Cette adaptation connaît une évolution spatio-temporelle. Les destinations traditionnelles des pays côtiers d’Afrique de l’Ouest deviennent plus difficiles. Dans un contexte de forte pression démographique, d’instabilité politique et de changements climatiques, les capacités d’accueil des migrants des pays de l’espace CEDEAO sont de plus en plus faibles. De plus en plus, cette population rurale se concentre en périphérie des zones urbaines de leur pays, déplaçant ainsi le problème de la pauvreté et ses conséquences vers les villes. Selon la gravité des crises, ce sont les familles voire les villages qui se déplacent vers les centres urbains, abandonnant ponctuellement ou définitivement la vie rurale (Gallais et Sidikou, 1977).

Conclusion

La variabilité et les changements climatiques condamnent les communautés des régions de Tillabéry et Tahoua à une pression accrue sur les ressources naturelles. Les pratiques d’adaptation socio-économique à court terme assurent à peine la subsistance et ne sont pas des stratégies d’anticipation des risques à moyen et long terme.

L’extension et l’intensification des cultures sont limitées par la pression foncière, un régime pluvial très aléatoire et des ressources en eau de surfaces de plus en plus rares. De plus, les ressources aquifères des régions de production maraîchère de Tahoua et du Nord-Tillabéry sont aussi en voie de diminution, à quelques exceptions près compte tenu de conditions hydrologiques particulières, et n’apportent pas de solution durable. Là où l’eau manque en période chaude, les jardins sont peu à peu abandonnés.

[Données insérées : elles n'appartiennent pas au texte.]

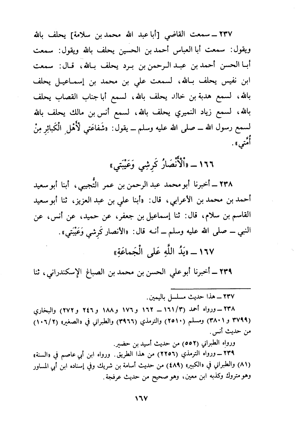 237 - سَمِعْتُ الْقَاضِيَ أَبَا عَبْدِ اللَّهِ مُحَمَّدُ بْنُ سَلَامَةَ يَحْلِفُ بِاللَّهِ وَيَقُولُ: سَمِعْتُ أَبَا الْعَبَّاسِ أَحْمَدَ بْنَ الْحُسَيْنِ يَحْلِفُ بِاللَّهِ وَيَقُولُ: سَمِعْتُ أَبَا الْحَسَنِ أَحْمَدَ بْنَ عَبْدِ الرَّحْمَنِ بْنِ بُرْدٍ يَحْلِفُ بِاللَّهِ قَالَ: سَمِعْتُ ابْنَ نَفِيسٍ، يَحْلِفُ بِاللَّهِ لَسَمِعْتُ عَلِيَّ بْنَ مُحَمَّدِ بْنِ إِسْمَاعِيلَ يَحْلِفُ بِاللَّهِ لَسَمِعَ هُدْبَةَ بْنَ خَالِدٍ يَحْلِفُ بِاللَّهِ لَسَمِعَ أَبَا جَنَابٍ الْقَصَّابَ يَحْلِفُ بِاللَّهِ لَسَمِعَ زِيَادًا النُّمَيْرِيَّ يَحْلِفُ بِاللَّهِ لَسَمِعَ أَنَسَ بْنَ مَالِكٍ يَحْلِفُ بِاللَّهِ لَسَمِعَ رَسُولَ اللَّهِ صَلَّى اللهُ عَلَيْهِ وَسَلَّمَ يَقُولُ: §«شَفَاعَتِي لِأَهْلِ الْكَبَائِرِ مِنْ أُمَّتِي»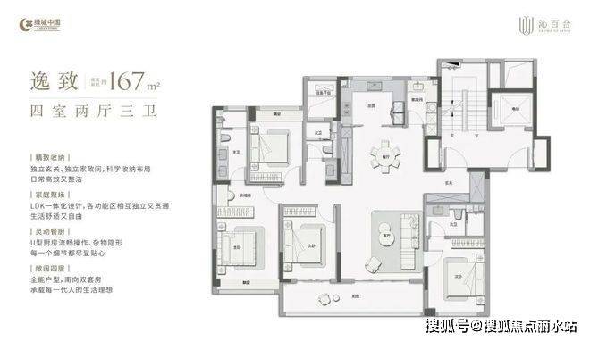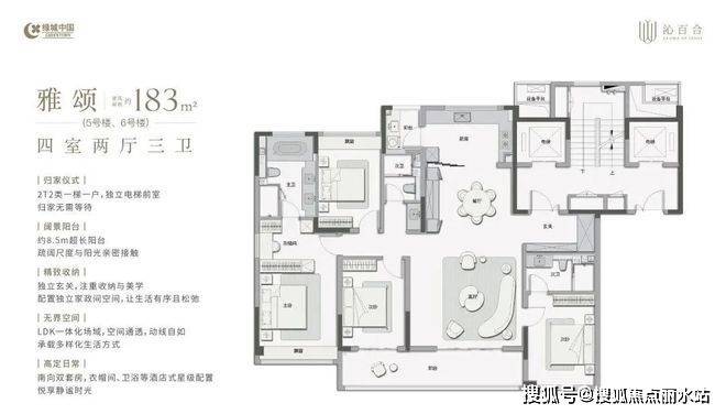 绿城·沁百合规划建设10幢9-11F低密纯洋房,打造了建面约155/167/183/230㎡四大户型,总房源量不到300套。

Les questions de l’accaparement des terres et de l’utilisation abusive de la ressource en eau pour un système de production à faible productivité doivent être placées au cœur des débats sur les pratiques d’adaptation des communautés sahéliennes dans les régions étudiées. Par exemple, dans chaque terroir, la viabilité des systèmes de cultures orientés vers le maraîchage, sans maîtrise des facteurs de production, et appuyés par les bailleurs de fonds doit être évaluée et faire l’objet d’une réflexion globale sur les options d’adaptation. À l’instar des transhumances transfrontalières, l’exode saisonnier, en tant que solution face au risque climatique, est limité par les capacités d’accueil des pays hôtes. Les regards se tournent vers l’Europe, dont les politiques migratoires sont vouées à rester restrictives.

Avec une population devant atteindre les 25 millions en 2020 et plus de 50 millions en 2050 (Harouna et al., 2005), l’aggravation de la désertification et de la dégradation des écosystèmes liée aux changements climatiques, la faiblesse de l’économie nationale, l’insécurité croissante dans la zone sahélo-saharienne qui compromet les activités agropastorales, les sociétés agropastorales des régions de Tahoua et de Tillabéry seront de plus en plus vulnérables et les réponses réactives utilisées ne suffiront plus à assurer leur subsistance (GTZ, 2009). Les pouvoirs publics doivent aider les communautés agropastorales à relever les défis auxquels elles sont déjà exposées. Pour ce faire, les questions d’adaptation aux changements climatiques et à la dégradation de l’environnement doivent être systématiquement intégrées dans les politiques de développement qui devront prévoir des investissements conséquents pour les communautés. Les agropasteurs doivent être accompagnés pour trouver un équilibre entre les besoins des populations et la productivité des écosystèmes exploités. Des alternatives économiques sont indispensables pour alléger la pression sur les ressources et permettre de recouvrer un équilibre entre l’homme et son environnement. Les politiques de développement agricole doivent favoriser les communautés locales en développant une agriculture familiale propre à assurer l’autosuffisance des familles et de la nation. Les populations et les institutions locales et nationales auront à optimiser l’exploitation des ressources par des systèmes de production durables et des filières sur des marchés locaux et régionaux permettant une rémunération à juste valeur des produits commercialisés.

L’adaptation est un impératif de survie pour les communautés agropastorales des régions de Tillabéry-Nord et de Tahoua. Une politique ambitieuse où la responsabilité de tous est engagée permettra de limiter les impacts des changements climatiques pour assurer un développement durable qui ne mette pas en péril les générations futures.